The seed command prints:
- demo invite URL: `http://localhost:5173/join/demo-fc-invite`
- demo remote connection code: `demo-remote-sync-code`
## Invite Flow
Open `/join/demo-fc-invite`, enter a display name, and join without email, password, or native app install. After joining, the browser receives an HttpOnly session cookie and can immediately RSVP from the join page or group dashboard.
## Chat On-Ramp
Open `Chat` from the bottom navigation or desktop side navigation. Chat is intentionally familiar: group threads, speech bubbles, names, and sent times. While typing, the composer suggests when the text looks like a poll, event, task, announcement, invite, or feedback item; the user must explicitly choose that structured chip before it creates the object. Short replies such as “ok” and “thanks” can be folded with the chat toggle.
## Device Linking
Open `Me -> Devices`.
1. Start a pairing code on the new device.
2. Approve that code from an existing signed-in browser.
3. Complete pairing on the new browser.
4. Revoke stale devices from the device list.
## Remote Aggregation Demo
Single-server demo:
1. Open `Me -> Servers`.
2. Create a connection code, or use seed code `demo-remote-sync-code`.

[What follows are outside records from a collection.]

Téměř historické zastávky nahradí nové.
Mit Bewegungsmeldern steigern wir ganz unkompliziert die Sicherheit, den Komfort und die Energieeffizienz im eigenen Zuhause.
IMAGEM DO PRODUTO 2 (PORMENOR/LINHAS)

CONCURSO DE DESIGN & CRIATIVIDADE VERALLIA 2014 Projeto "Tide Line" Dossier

3. Connect `http://localhost:8000`.
4. Sync. Remote items appear on Home with remote source badges.
Two-server demo:
```bash
cd backend
DATABASE_URL=sqlite:///./remote.db SERVER_NAME="Club Server" SERVER_ORIGIN=http://localhost:8001 API_BASE_URL=http://localhost:8001/api FRONTEND_ORIGIN=http://localhost:5173 python -m app.db.seed
DATABASE_URL=sqlite:///./remote.db SERVER_NAME="Club Server" SERVER_ORIGIN=http://localhost:8001 API_BASE_URL=http://localhost:8001/api uvicorn app.main:app --port 8001
```
Then connect `http://localhost:8001` from the main app with the remote server's printed connection code.
## Security Notes
- Invite, recovery, and remote connection codes are stored only as hashes.

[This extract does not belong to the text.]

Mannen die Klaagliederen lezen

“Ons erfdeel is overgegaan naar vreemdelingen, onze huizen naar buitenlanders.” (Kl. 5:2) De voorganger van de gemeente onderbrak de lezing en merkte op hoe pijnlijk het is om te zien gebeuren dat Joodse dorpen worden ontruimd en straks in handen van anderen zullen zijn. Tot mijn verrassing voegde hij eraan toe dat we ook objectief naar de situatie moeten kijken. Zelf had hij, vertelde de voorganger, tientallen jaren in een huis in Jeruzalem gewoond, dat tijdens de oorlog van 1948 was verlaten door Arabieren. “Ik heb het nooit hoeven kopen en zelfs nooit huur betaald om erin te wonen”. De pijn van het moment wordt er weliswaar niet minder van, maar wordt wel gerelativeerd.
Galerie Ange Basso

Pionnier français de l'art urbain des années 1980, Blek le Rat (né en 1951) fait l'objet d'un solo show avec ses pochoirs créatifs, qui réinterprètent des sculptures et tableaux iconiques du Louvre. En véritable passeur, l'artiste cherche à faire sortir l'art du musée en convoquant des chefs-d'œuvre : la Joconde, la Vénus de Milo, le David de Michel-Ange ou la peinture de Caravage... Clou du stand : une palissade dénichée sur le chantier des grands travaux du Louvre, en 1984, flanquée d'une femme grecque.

- Sessions use HttpOnly cookies. A readable CSRF cookie/header is wired for production mode; development mode keeps same-site cookie auth simple.
- Remote connection codes are stored server-side in a development adapter field, not in browser localStorage.
- File names are sanitized and upload size is limited.
- Role checks protect invites, official announcements, member management, migration, and remote connection codes.
## Known Limitations
- SMTP is not configured; recovery links are logged/returned in development mode.
- Passkeys use a pluggable development provider, not production WebAuthn.
- Web push is a future adapter.
- No full federation, native app, unofficial messenger bridge, or production E2EE.
- File storage is local filesystem in development; production should use mounted storage or S3-compatible storage.
- Remote writes generally open the source context; local RSVP write-through is implemented.
## Roadmap
- Harden production CSRF and secret management.
- Add PostgreSQL compose profile and migrations.
- Add richer archive parsing for WhatsApp `.txt` exports.
- Add calendar export and optional web push.
- Replace development passkey provider with full WebAuthn.